▶ [Description of the task]
In the listing below, find the line containing "La verdura se" and the line containing "震旦,高背黑網椅,有扶手、後仰,升降,共有2張", then copy exactly everything from the first through the second, except the pictures.
*** Opening of Task data ***
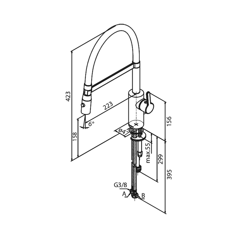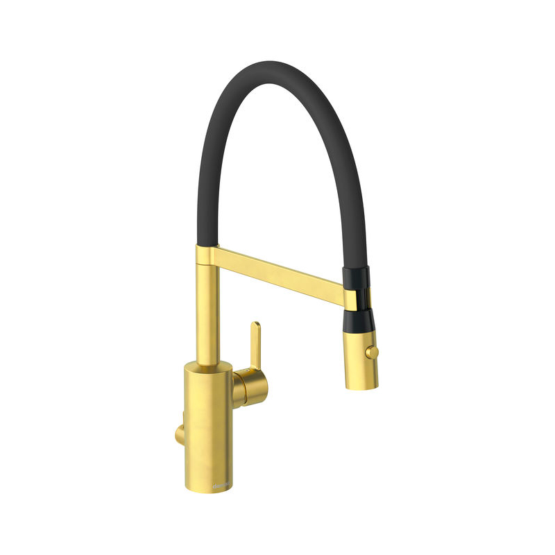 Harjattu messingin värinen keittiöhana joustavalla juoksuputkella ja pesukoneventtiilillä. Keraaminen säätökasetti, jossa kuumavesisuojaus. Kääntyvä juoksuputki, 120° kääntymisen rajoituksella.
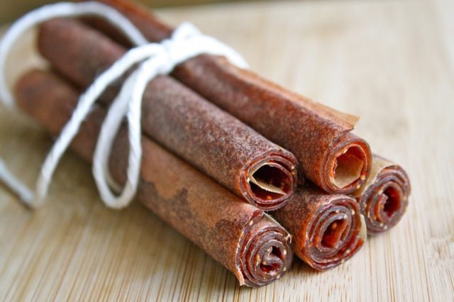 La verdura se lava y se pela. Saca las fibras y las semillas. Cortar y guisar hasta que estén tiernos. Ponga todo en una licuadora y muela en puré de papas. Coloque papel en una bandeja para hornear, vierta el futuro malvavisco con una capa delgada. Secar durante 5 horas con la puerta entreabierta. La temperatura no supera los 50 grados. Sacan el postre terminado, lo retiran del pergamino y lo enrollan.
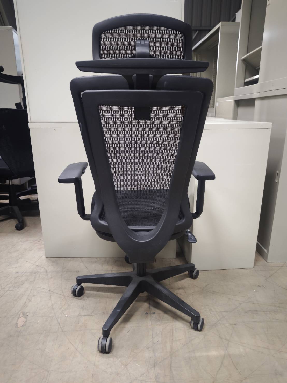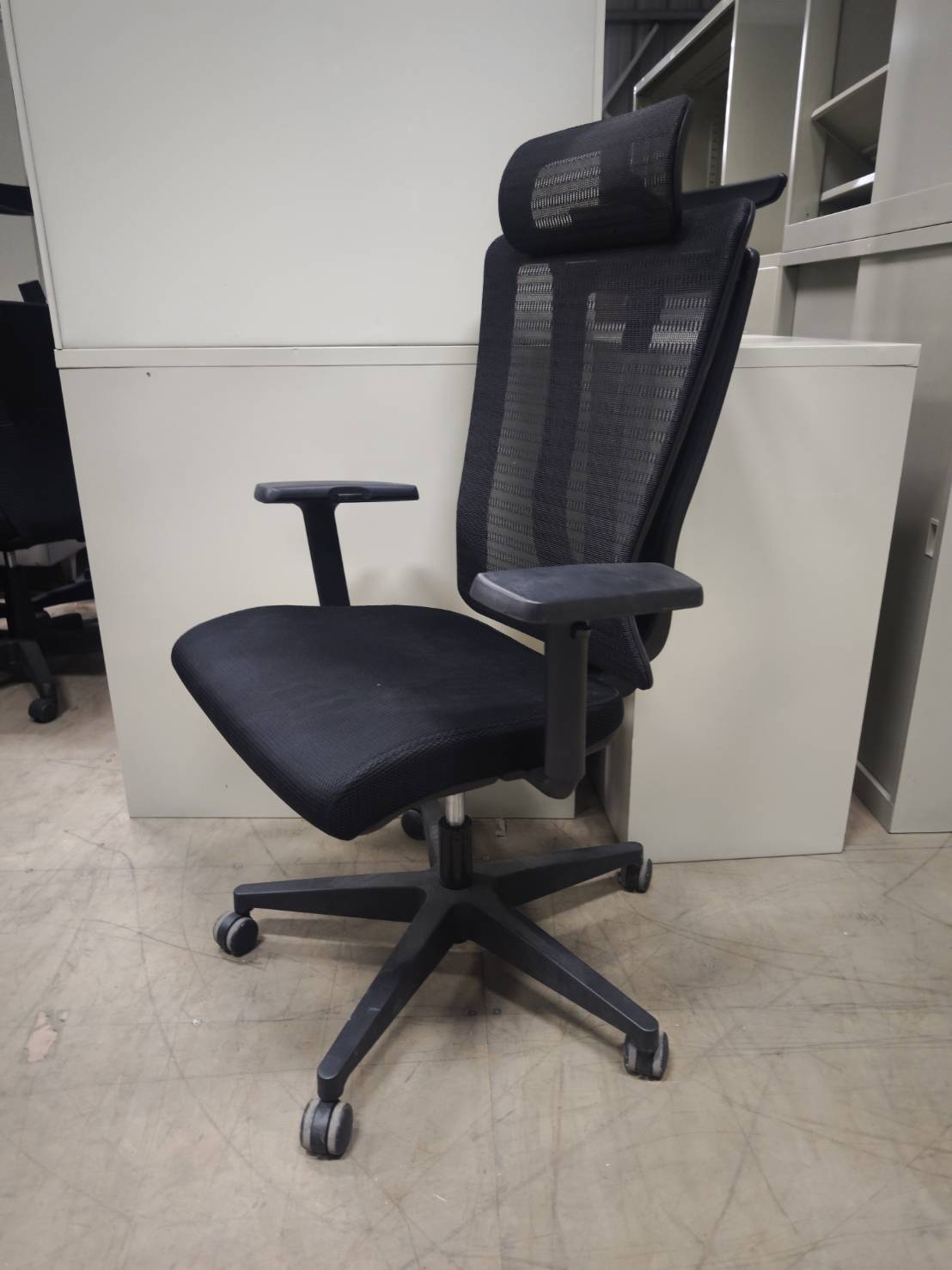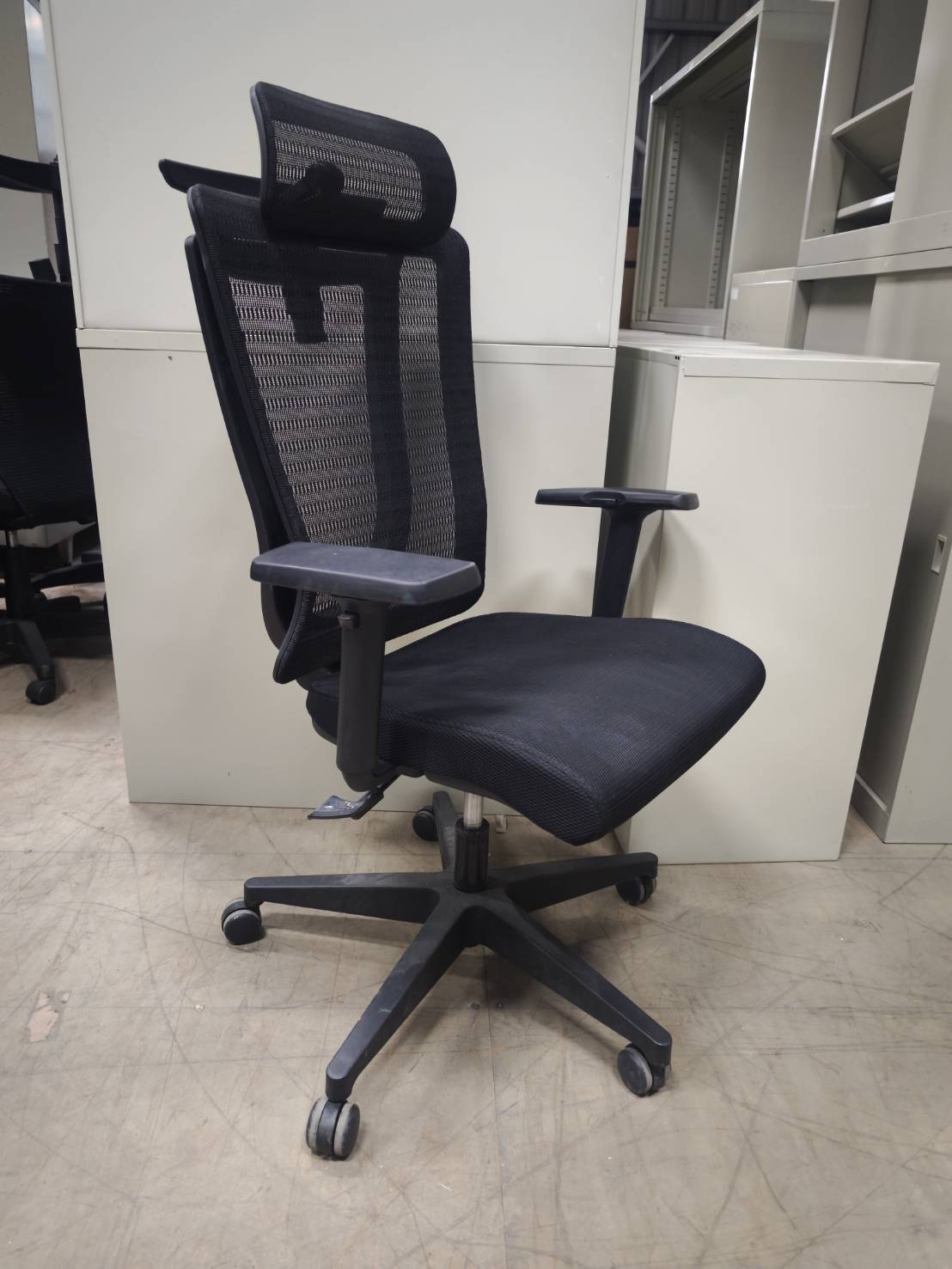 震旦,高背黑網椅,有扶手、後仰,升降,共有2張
*** Close of Task data ***
*** Opening of Task data ***
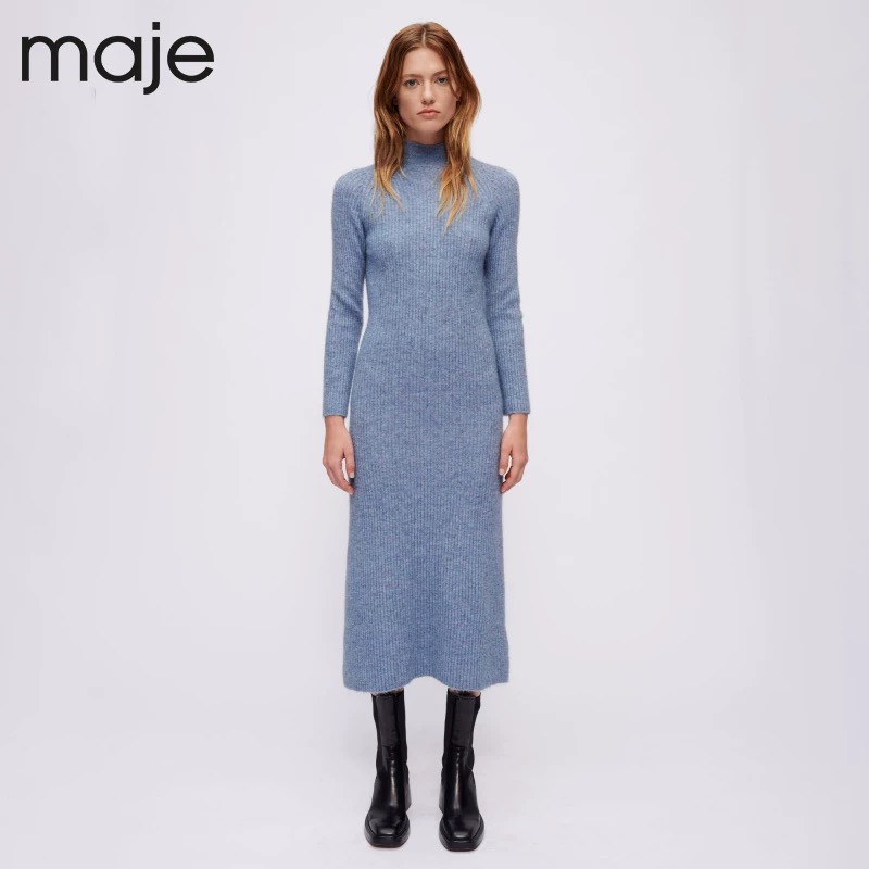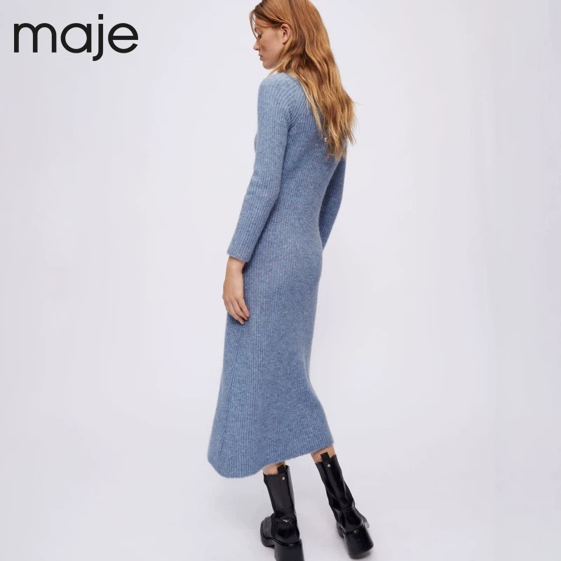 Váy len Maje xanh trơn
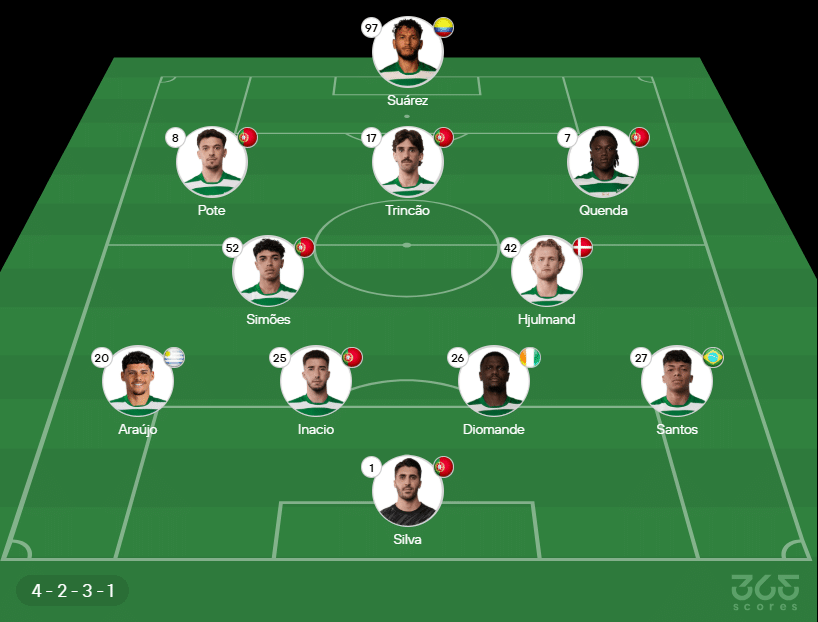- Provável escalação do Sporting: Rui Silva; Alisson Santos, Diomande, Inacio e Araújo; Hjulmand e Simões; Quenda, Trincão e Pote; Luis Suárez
*** Close of Task data ***
▶ [Answer to this problem]
 La verdura se lava y se pela. Saca las fibras y las semillas. Cortar y guisar hasta que estén tiernos. Ponga todo en una licuadora y muela en puré de papas. Coloque papel en una bandeja para hornear, vierta el futuro malvavisco con una capa delgada. Secar durante 5 horas con la puerta entreabierta. La temperatura no supera los 50 grados. Sacan el postre terminado, lo retiran del pergamino y lo enrollan.
 震旦,高背黑網椅,有扶手、後仰,升降,共有2張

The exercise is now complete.